* What needs to be done:
I need the lines from the one holding "143 141 zieht" to the last line of the data below repeated exactly, both included, without pictures.

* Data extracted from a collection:
= Beginning of Section =

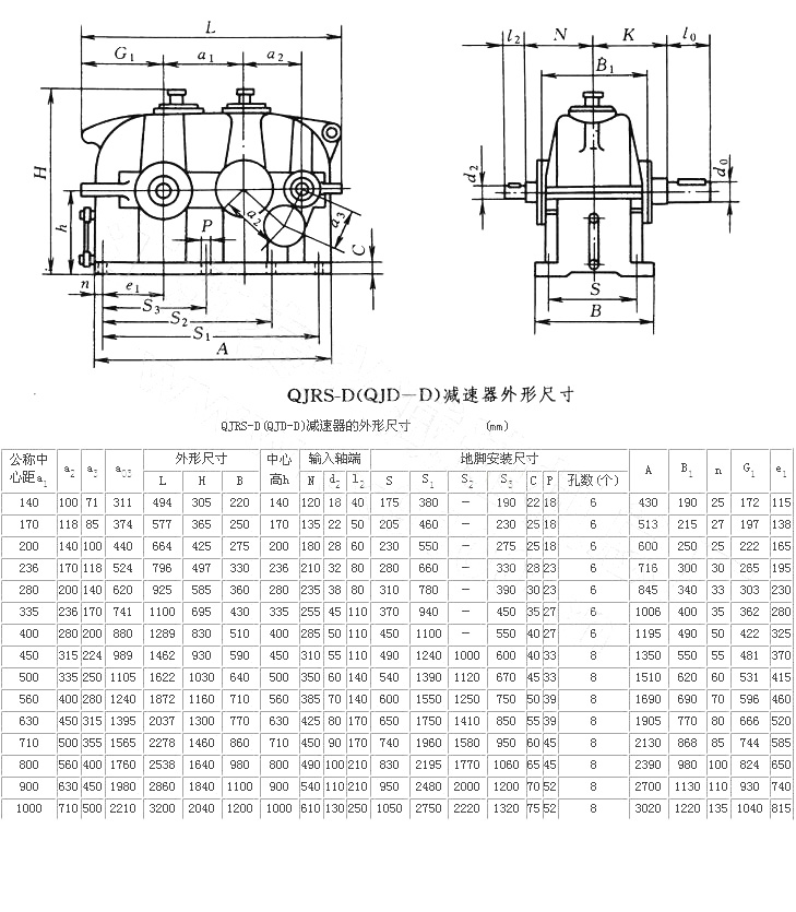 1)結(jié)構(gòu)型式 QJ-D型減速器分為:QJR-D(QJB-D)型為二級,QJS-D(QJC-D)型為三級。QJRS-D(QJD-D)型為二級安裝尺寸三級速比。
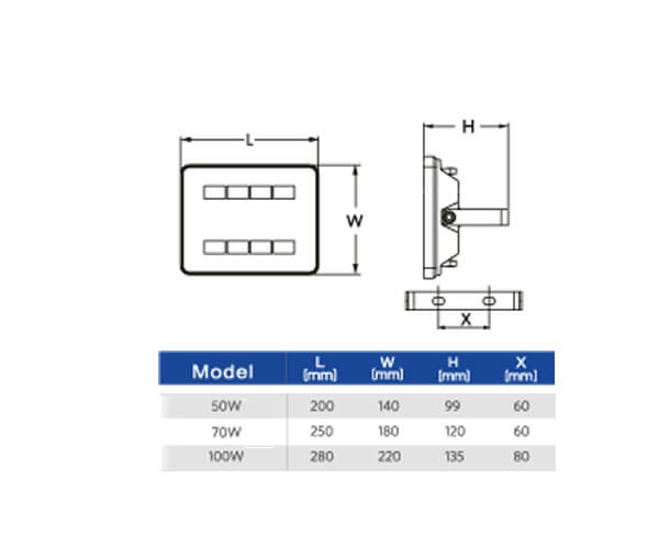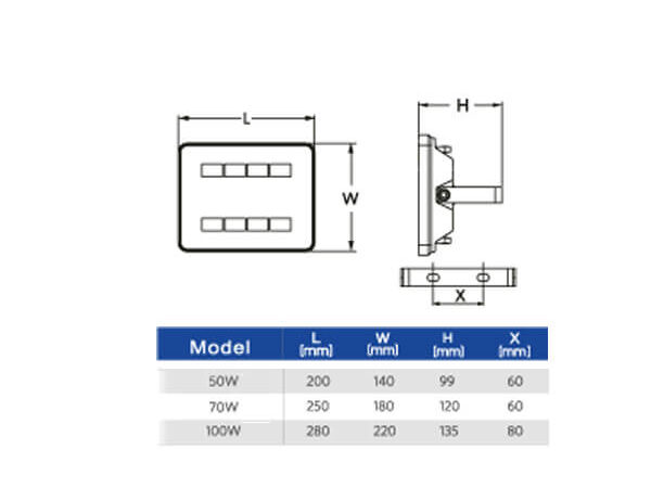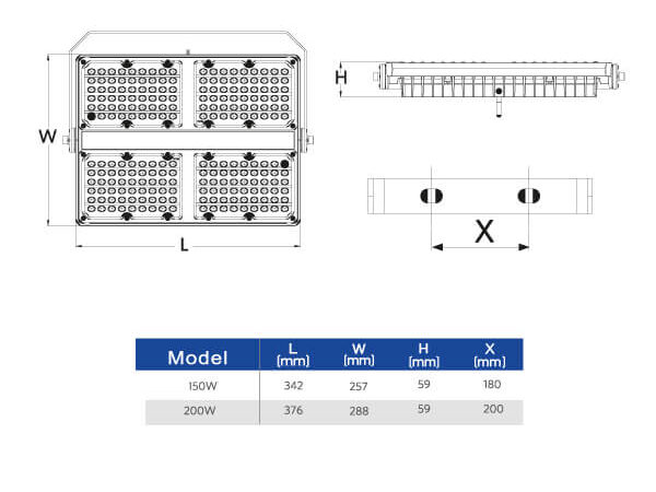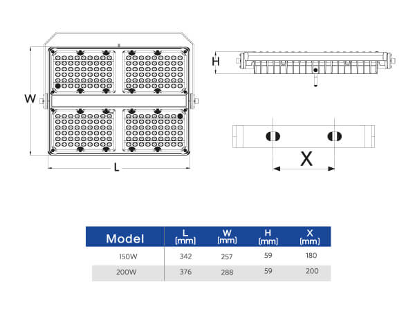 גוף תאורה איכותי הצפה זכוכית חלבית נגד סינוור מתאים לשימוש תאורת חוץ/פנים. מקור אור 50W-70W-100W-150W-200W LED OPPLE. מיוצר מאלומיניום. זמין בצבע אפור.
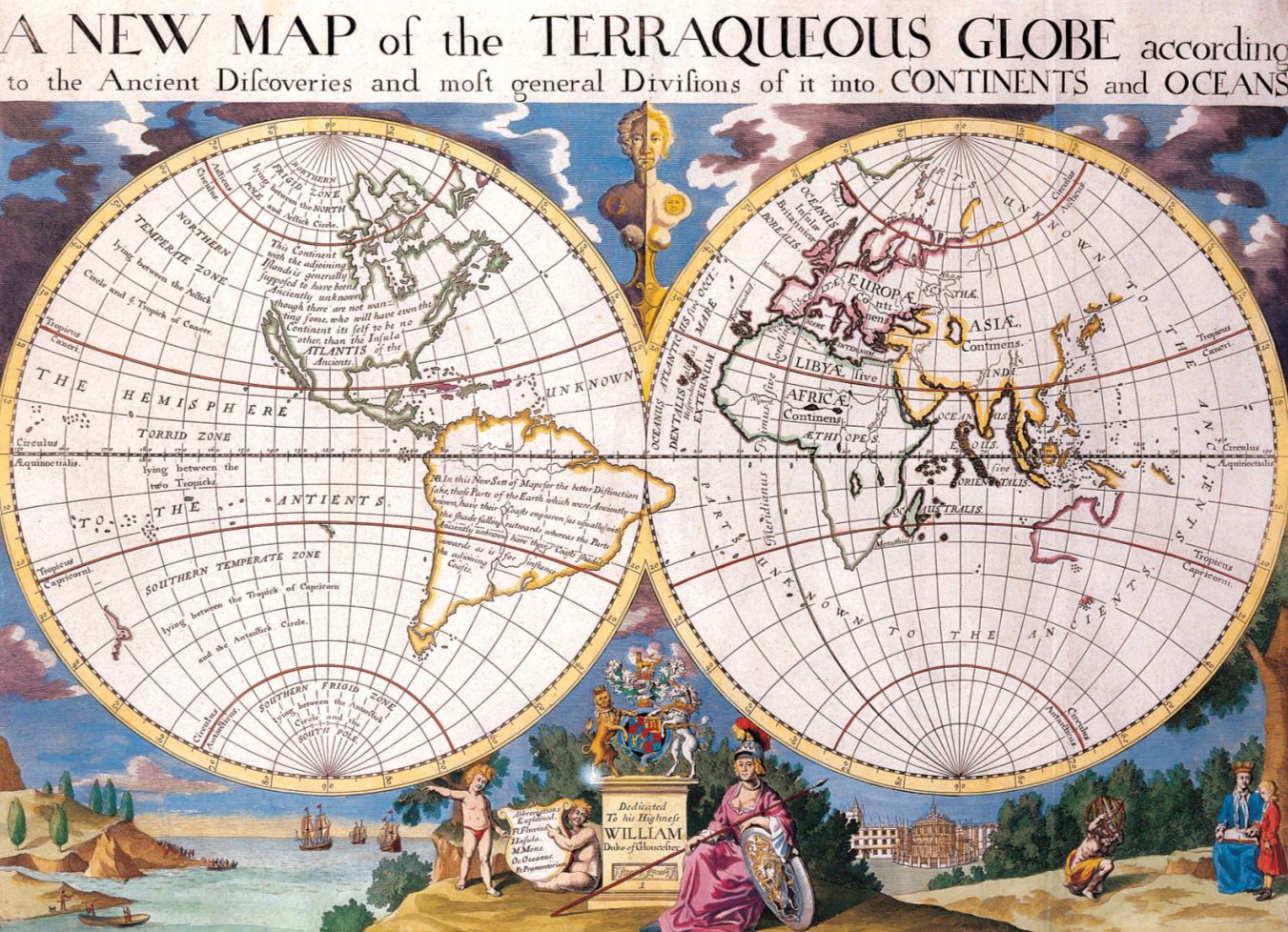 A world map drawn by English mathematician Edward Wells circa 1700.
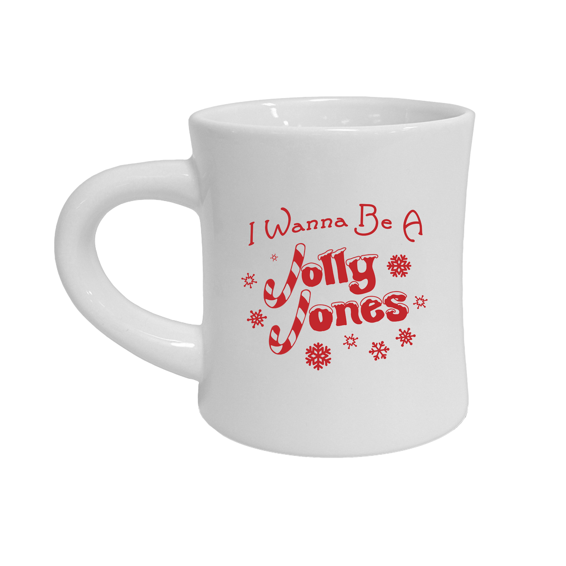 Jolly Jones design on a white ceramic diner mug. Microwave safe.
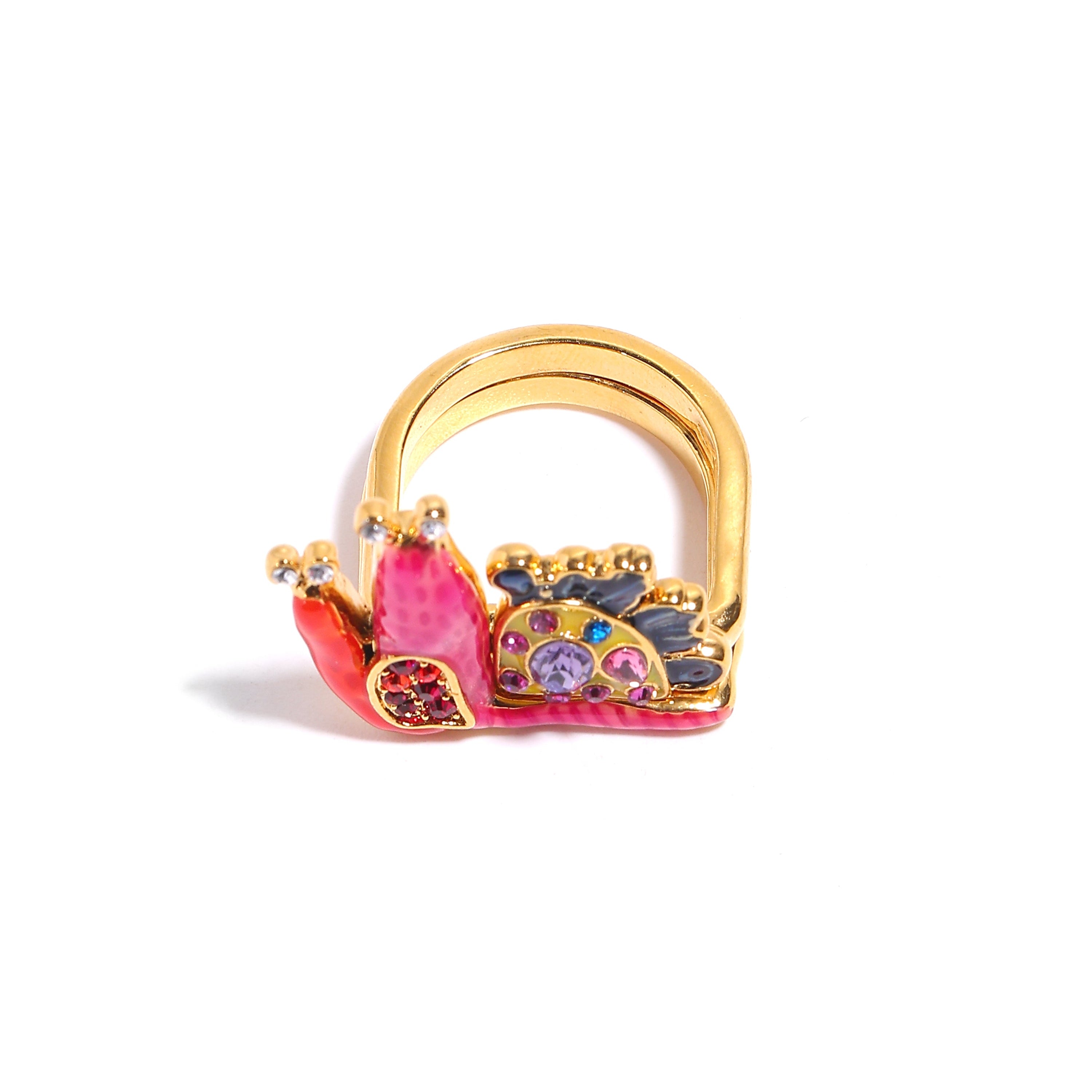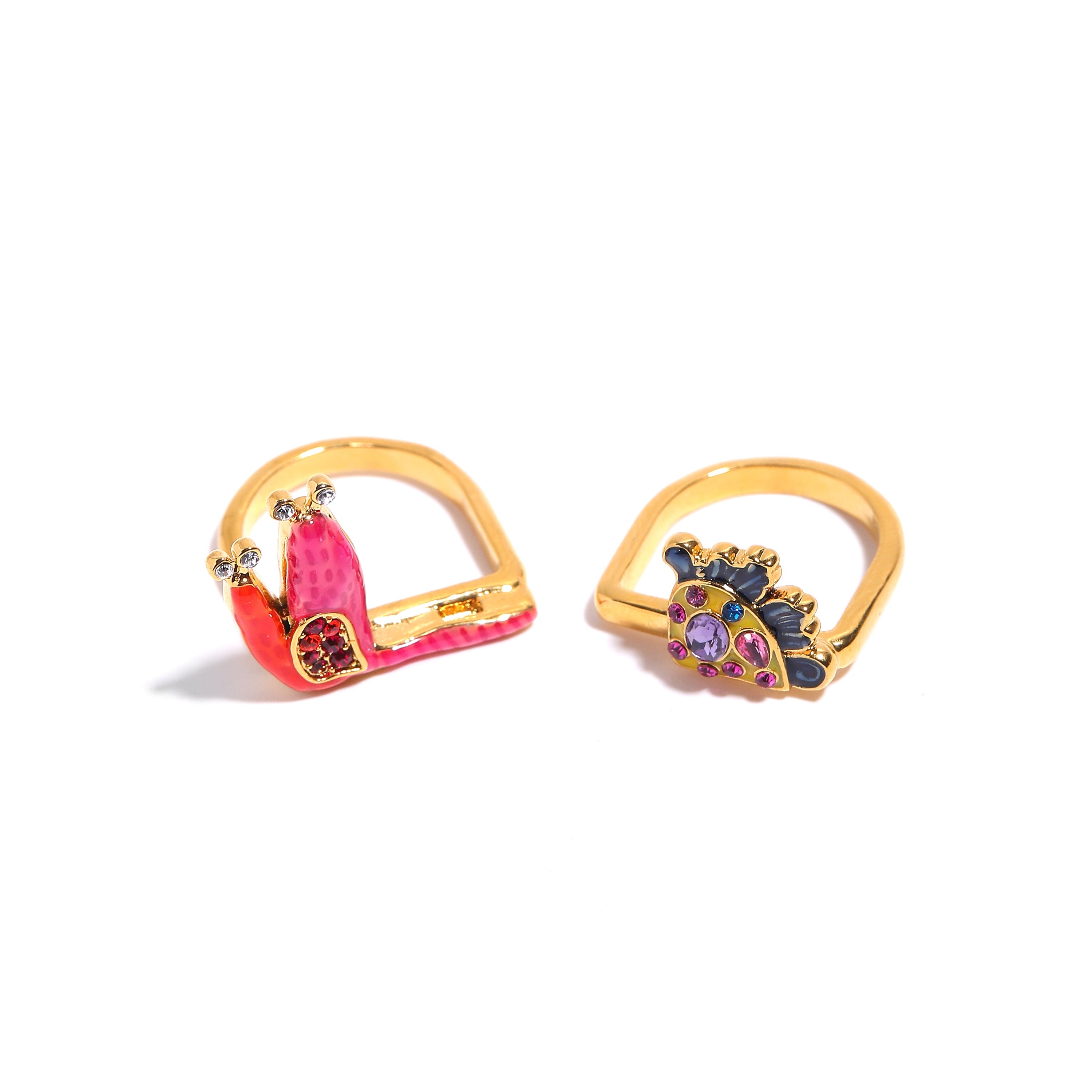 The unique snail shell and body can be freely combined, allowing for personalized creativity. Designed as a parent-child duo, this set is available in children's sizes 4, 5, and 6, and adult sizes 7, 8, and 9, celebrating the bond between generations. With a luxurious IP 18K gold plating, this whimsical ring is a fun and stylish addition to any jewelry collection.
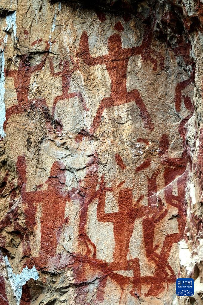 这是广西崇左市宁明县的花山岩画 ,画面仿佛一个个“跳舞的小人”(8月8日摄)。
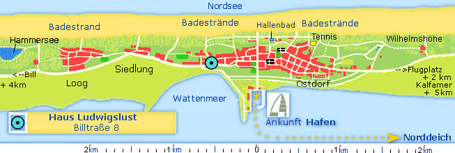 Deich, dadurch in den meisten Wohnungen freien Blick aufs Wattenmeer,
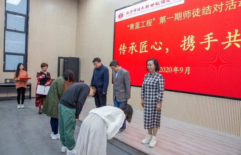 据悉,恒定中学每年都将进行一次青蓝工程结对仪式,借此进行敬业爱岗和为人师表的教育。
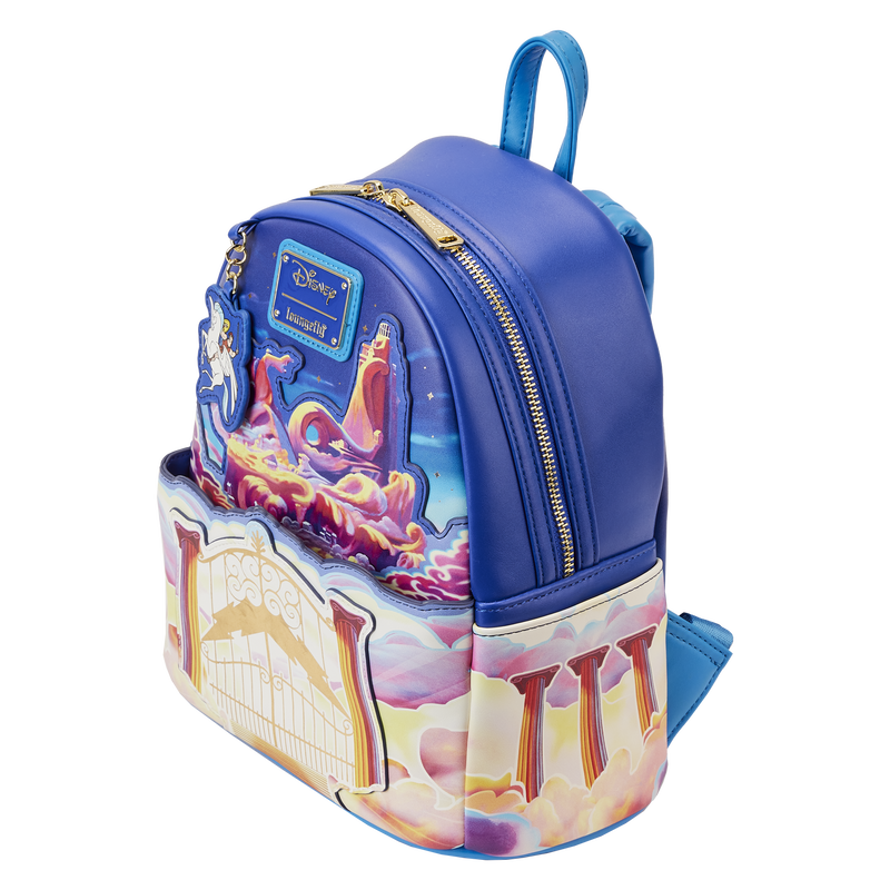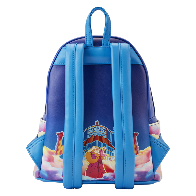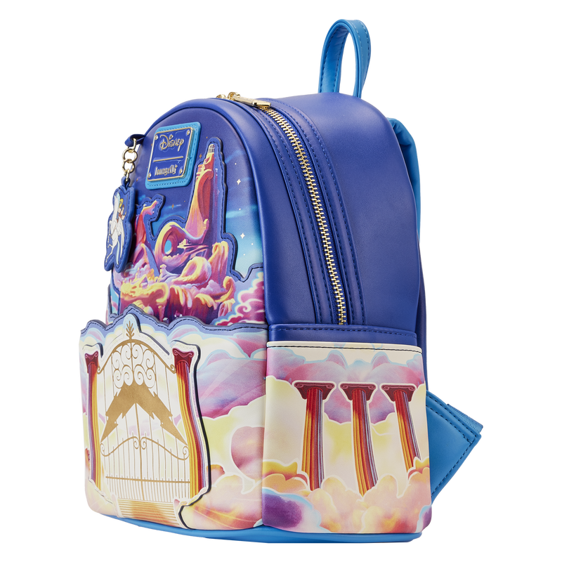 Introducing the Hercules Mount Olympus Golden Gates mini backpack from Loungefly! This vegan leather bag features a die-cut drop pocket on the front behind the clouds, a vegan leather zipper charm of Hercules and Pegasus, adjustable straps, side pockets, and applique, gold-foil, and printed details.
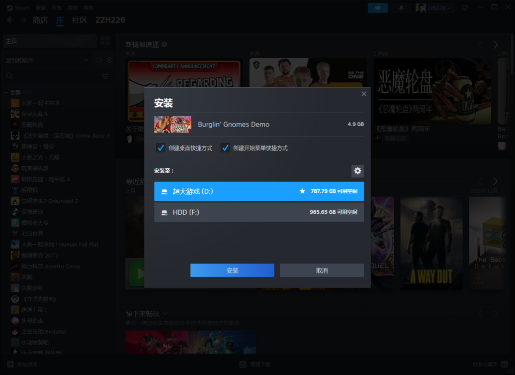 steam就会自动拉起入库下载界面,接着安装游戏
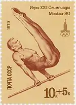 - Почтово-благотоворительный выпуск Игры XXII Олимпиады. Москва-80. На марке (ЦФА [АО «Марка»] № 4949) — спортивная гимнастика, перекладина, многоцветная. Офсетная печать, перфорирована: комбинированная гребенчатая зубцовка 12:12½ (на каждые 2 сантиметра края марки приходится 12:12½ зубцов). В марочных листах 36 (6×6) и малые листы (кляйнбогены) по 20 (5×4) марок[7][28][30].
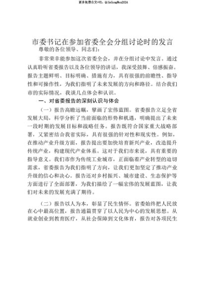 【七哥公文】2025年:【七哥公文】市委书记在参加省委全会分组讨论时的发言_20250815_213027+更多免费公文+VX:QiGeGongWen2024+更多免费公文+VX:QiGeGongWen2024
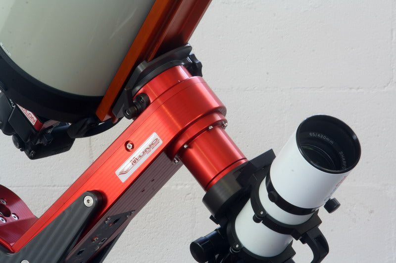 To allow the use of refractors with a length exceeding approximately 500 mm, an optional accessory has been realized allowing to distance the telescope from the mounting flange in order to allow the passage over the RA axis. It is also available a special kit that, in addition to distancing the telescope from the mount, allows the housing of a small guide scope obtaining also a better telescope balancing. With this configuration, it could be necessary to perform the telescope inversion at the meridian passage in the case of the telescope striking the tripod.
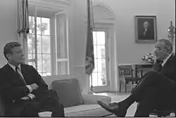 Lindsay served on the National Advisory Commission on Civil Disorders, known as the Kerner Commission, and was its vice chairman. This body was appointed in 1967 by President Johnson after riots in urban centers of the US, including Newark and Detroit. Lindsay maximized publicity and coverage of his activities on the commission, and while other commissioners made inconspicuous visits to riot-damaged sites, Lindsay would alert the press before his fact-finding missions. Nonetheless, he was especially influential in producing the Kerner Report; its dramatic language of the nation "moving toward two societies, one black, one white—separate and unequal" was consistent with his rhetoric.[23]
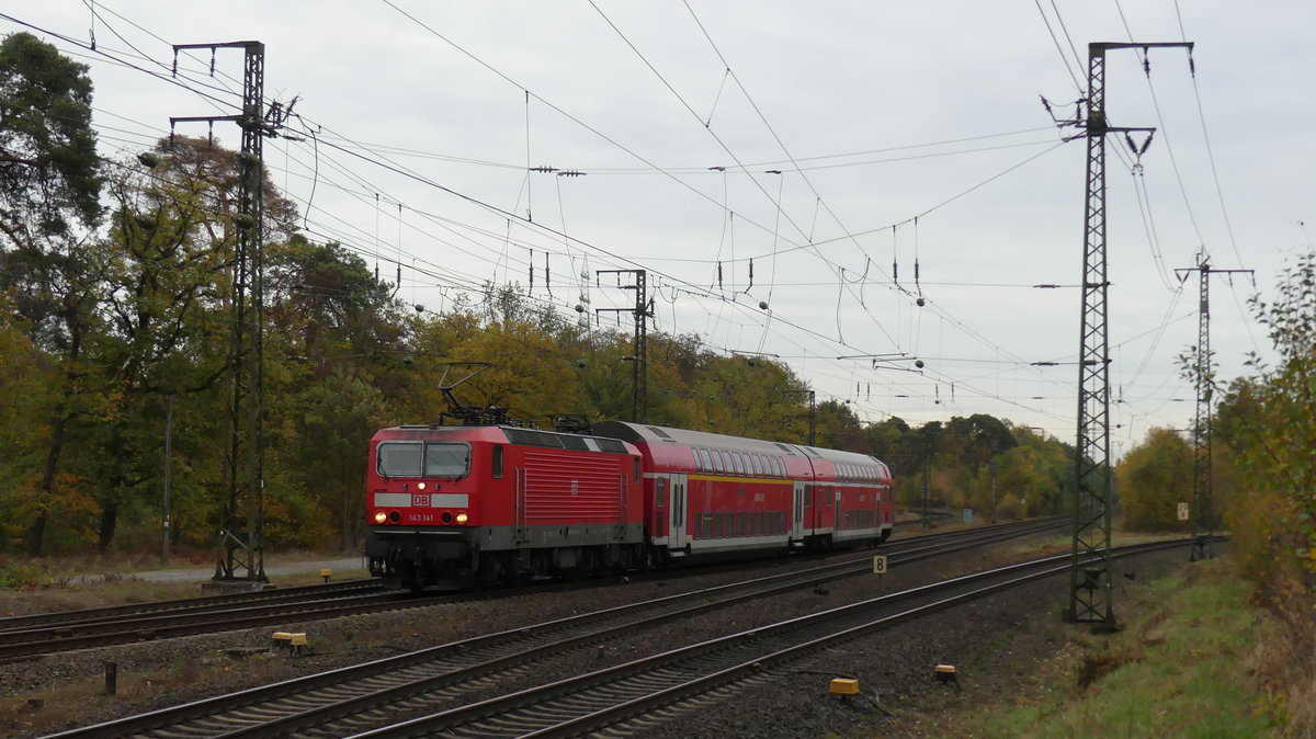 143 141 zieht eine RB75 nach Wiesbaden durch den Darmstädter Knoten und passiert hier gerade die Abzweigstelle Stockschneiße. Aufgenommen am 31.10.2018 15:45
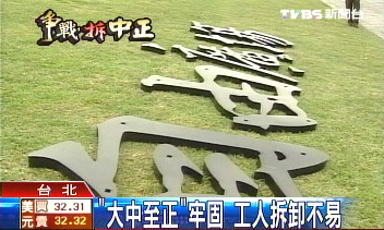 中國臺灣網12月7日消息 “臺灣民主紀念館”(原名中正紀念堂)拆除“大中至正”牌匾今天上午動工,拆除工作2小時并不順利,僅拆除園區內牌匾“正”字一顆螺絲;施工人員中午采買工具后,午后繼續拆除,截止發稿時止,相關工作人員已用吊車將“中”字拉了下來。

= End of Section =

* Written answer:
 143 141 zieht eine RB75 nach Wiesbaden durch den Darmstädter Knoten und passiert hier gerade die Abzweigstelle Stockschneiße. Aufgenommen am 31.10.2018 15:45
 中國臺灣網12月7日消息 “臺灣民主紀念館”(原名中正紀念堂)拆除“大中至正”牌匾今天上午動工,拆除工作2小時并不順利,僅拆除園區內牌匾“正”字一顆螺絲;施工人員中午采買工具后,午后繼續拆除,截止發稿時止,相關工作人員已用吊車將“中”字拉了下來。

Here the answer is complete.